#### [Items listed in a dataset]
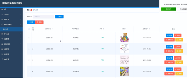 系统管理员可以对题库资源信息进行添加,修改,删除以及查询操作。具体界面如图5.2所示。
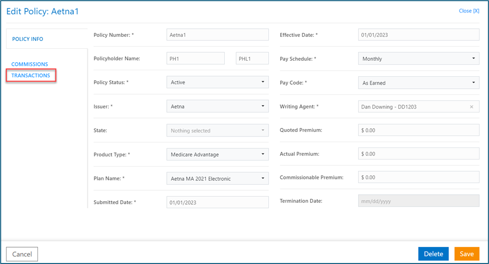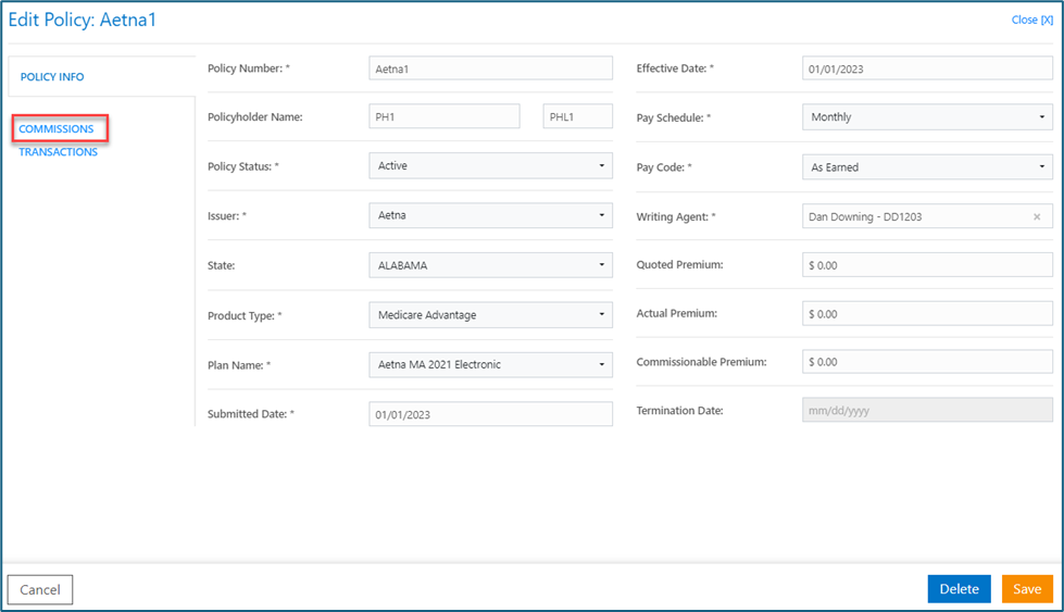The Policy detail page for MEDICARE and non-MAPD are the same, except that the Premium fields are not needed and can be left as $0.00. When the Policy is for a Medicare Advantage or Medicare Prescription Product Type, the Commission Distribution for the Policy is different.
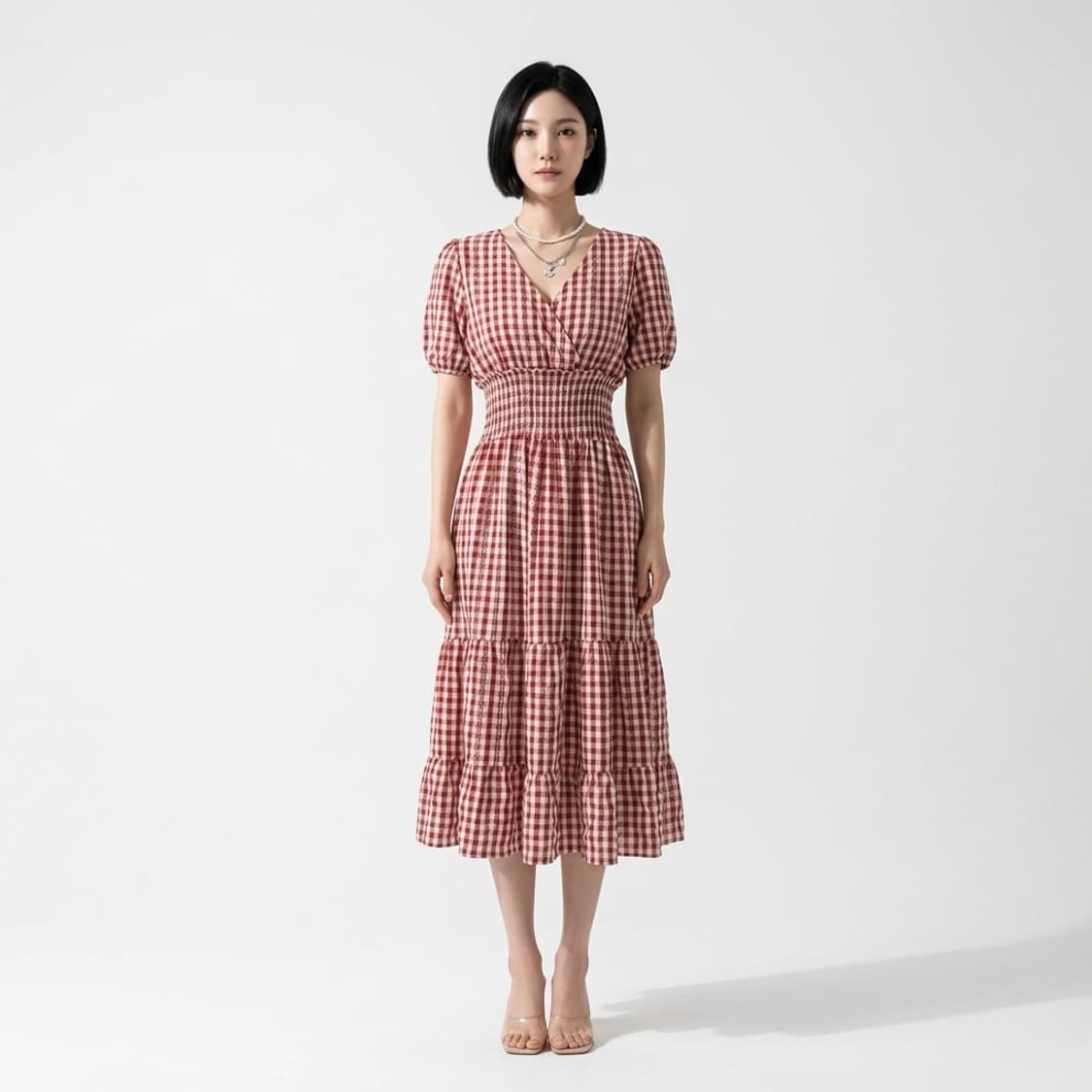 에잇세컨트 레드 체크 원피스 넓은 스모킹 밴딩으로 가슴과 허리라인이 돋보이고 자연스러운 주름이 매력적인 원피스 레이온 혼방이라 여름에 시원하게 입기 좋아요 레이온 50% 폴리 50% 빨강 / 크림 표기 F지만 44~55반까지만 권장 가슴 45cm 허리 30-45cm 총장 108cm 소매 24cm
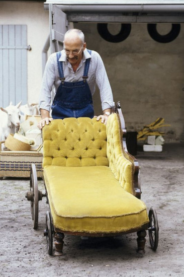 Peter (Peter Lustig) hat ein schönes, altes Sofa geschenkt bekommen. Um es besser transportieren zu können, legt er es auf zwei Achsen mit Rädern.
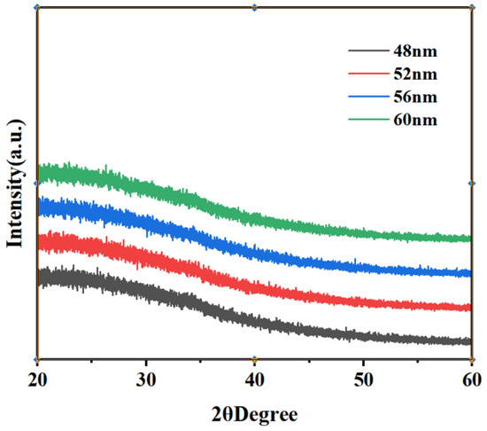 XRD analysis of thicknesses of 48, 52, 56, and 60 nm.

#### [WHAT NEEDS TO BE DONE]
Please transcribe, with no additions, the lines starting at the one that contains "Peter (Peter Lustig)" and running through the last line of the entries, inclusive. Leave the pictures out.

#### [REPLY]
 Peter (Peter Lustig) hat ein schönes, altes Sofa geschenkt bekommen. Um es besser transportieren zu können, legt er es auf zwei Achsen mit Rädern.
 XRD analysis of thicknesses of 48, 52, 56, and 60 nm.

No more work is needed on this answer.